> Task directions:
Transcribe all of the data verbatim, please, and leave out its pictures.

> Provided data:
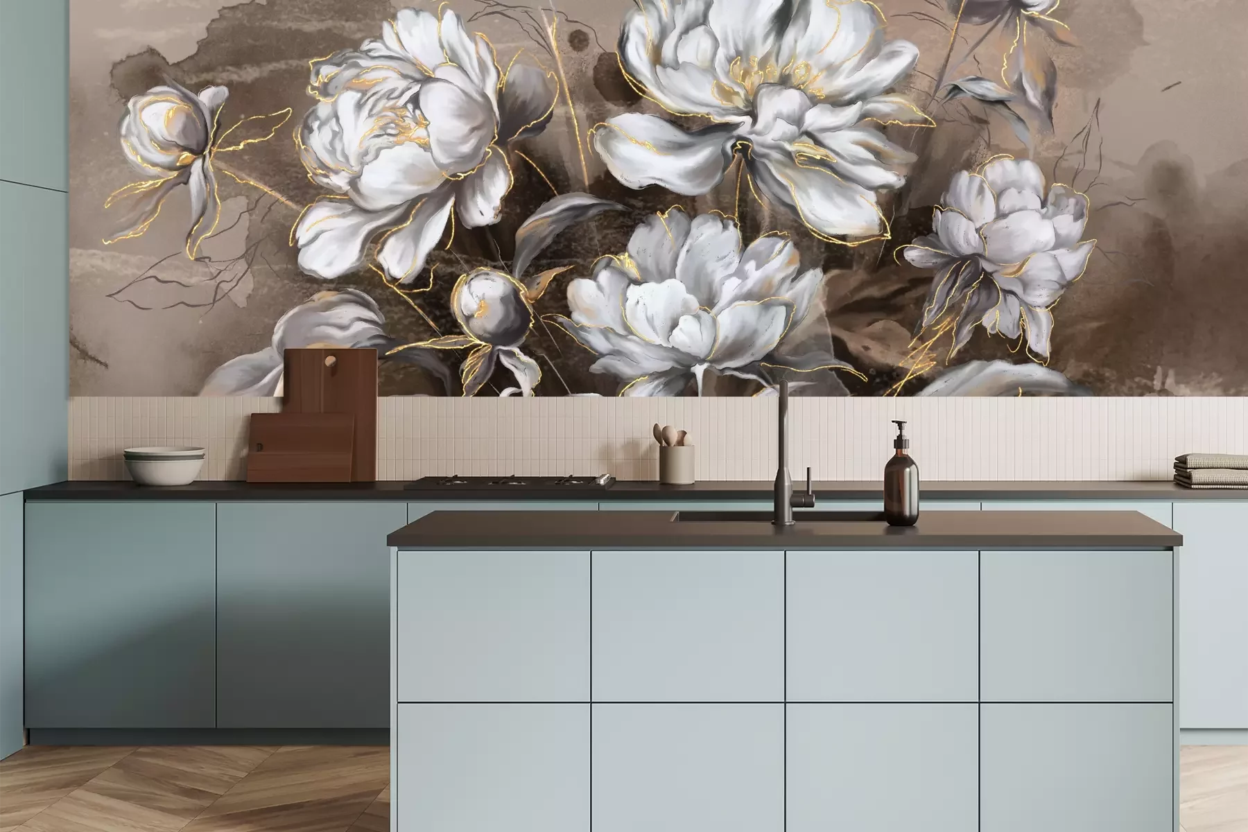 Het materiaal Premium is een glad vinyl op vlies, dat bestand is tegen uitrekken en vervorming. Het is dampdoorlatend – de muren kunnen vrij ademen – waardoor het geschikt is voor gebruik in de keuken en badkamer. Bij vervuiling kan het materiaal worden afgenomen met een vochtige doek. De maximale breedte van één baan bedraagt 95 of 105 cm, afhankelijk van de beschikbaarheid. Montage vindt plaats met de rand-aan-rand methode, wat een esthetisch resultaat zonder zichtbare naden oplevert. Omdat de lijm rechtstreeks op de muur wordt aangebracht, verloopt de installatie van het fotobehang snel en eenvoudig.
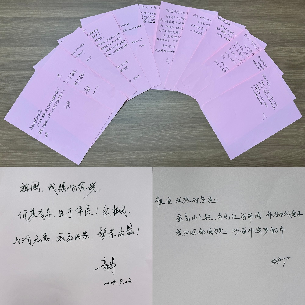 你看,這一句句真摯樸實的祝福,真情流露出我們對祖國的無比熱愛和深情告白:“七十五年,承載了我們中華兒女無數(shù)的光榮與夢想;向著明天,讓我們用雙手創(chuàng)造更美好的未來?!薄坝幸环N花,叫向日葵,永遠向著太陽生長;此刻,我愿化身一朵“向日葵”,追隨我心中的“太陽”——我的祖國,祝您欣欣向榮、蒸蒸日上!”“我們是祖國未來的接班人,時刻準(zhǔn)備為中華民族的偉大騰飛而努力奮斗!”……
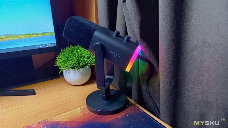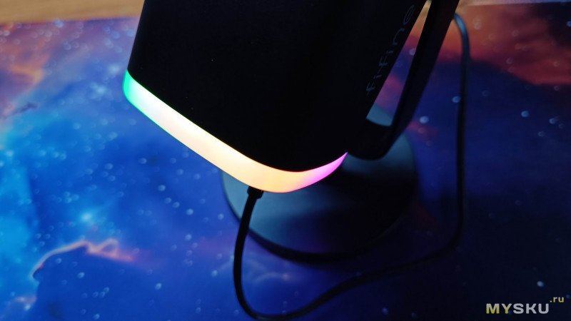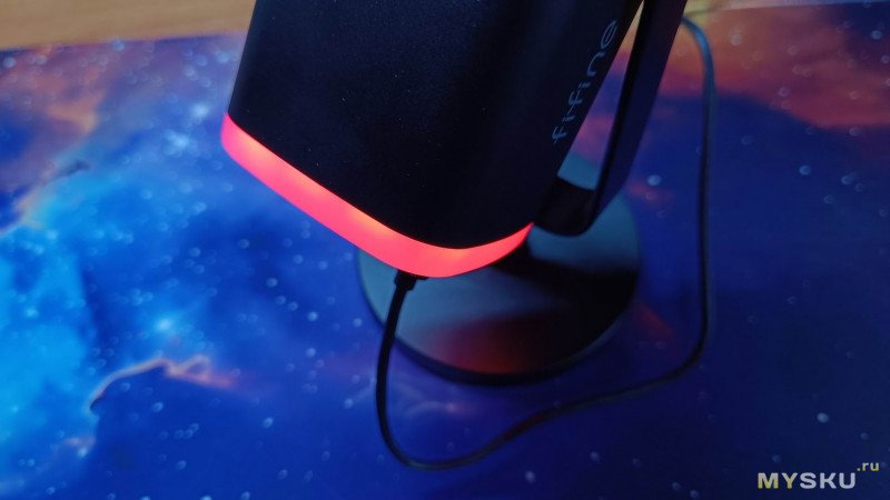 Выглядит Fifine AM8, как говорится модно, стильно, молодёжно. Дизайн хоть и простой, без излишеств, но приятный, позволяющий ему легко вписаться в любое рабочее или игровое пространство. Если RGB-подсветка раздражает, то её всегда можно отключить.

> Final answer:
 Het materiaal Premium is een glad vinyl op vlies, dat bestand is tegen uitrekken en vervorming. Het is dampdoorlatend – de muren kunnen vrij ademen – waardoor het geschikt is voor gebruik in de keuken en badkamer. Bij vervuiling kan het materiaal worden afgenomen met een vochtige doek. De maximale breedte van één baan bedraagt 95 of 105 cm, afhankelijk van de beschikbaarheid. Montage vindt plaats met de rand-aan-rand methode, wat een esthetisch resultaat zonder zichtbare naden oplevert. Omdat de lijm rechtstreeks op de muur wordt aangebracht, verloopt de installatie van het fotobehang snel en eenvoudig.
 你看,這一句句真摯樸實的祝福,真情流露出我們對祖國的無比熱愛和深情告白:“七十五年,承載了我們中華兒女無數(shù)的光榮與夢想;向著明天,讓我們用雙手創(chuàng)造更美好的未來?!薄坝幸环N花,叫向日葵,永遠向著太陽生長;此刻,我愿化身一朵“向日葵”,追隨我心中的“太陽”——我的祖國,祝您欣欣向榮、蒸蒸日上!”“我們是祖國未來的接班人,時刻準(zhǔn)備為中華民族的偉大騰飛而努力奮斗!”……
 Выглядит Fifine AM8, как говорится модно, стильно, молодёжно. Дизайн хоть и простой, без излишеств, но приятный, позволяющий ему легко вписаться в любое рабочее или игровое пространство. Если RGB-подсветка раздражает, то её всегда можно отключить.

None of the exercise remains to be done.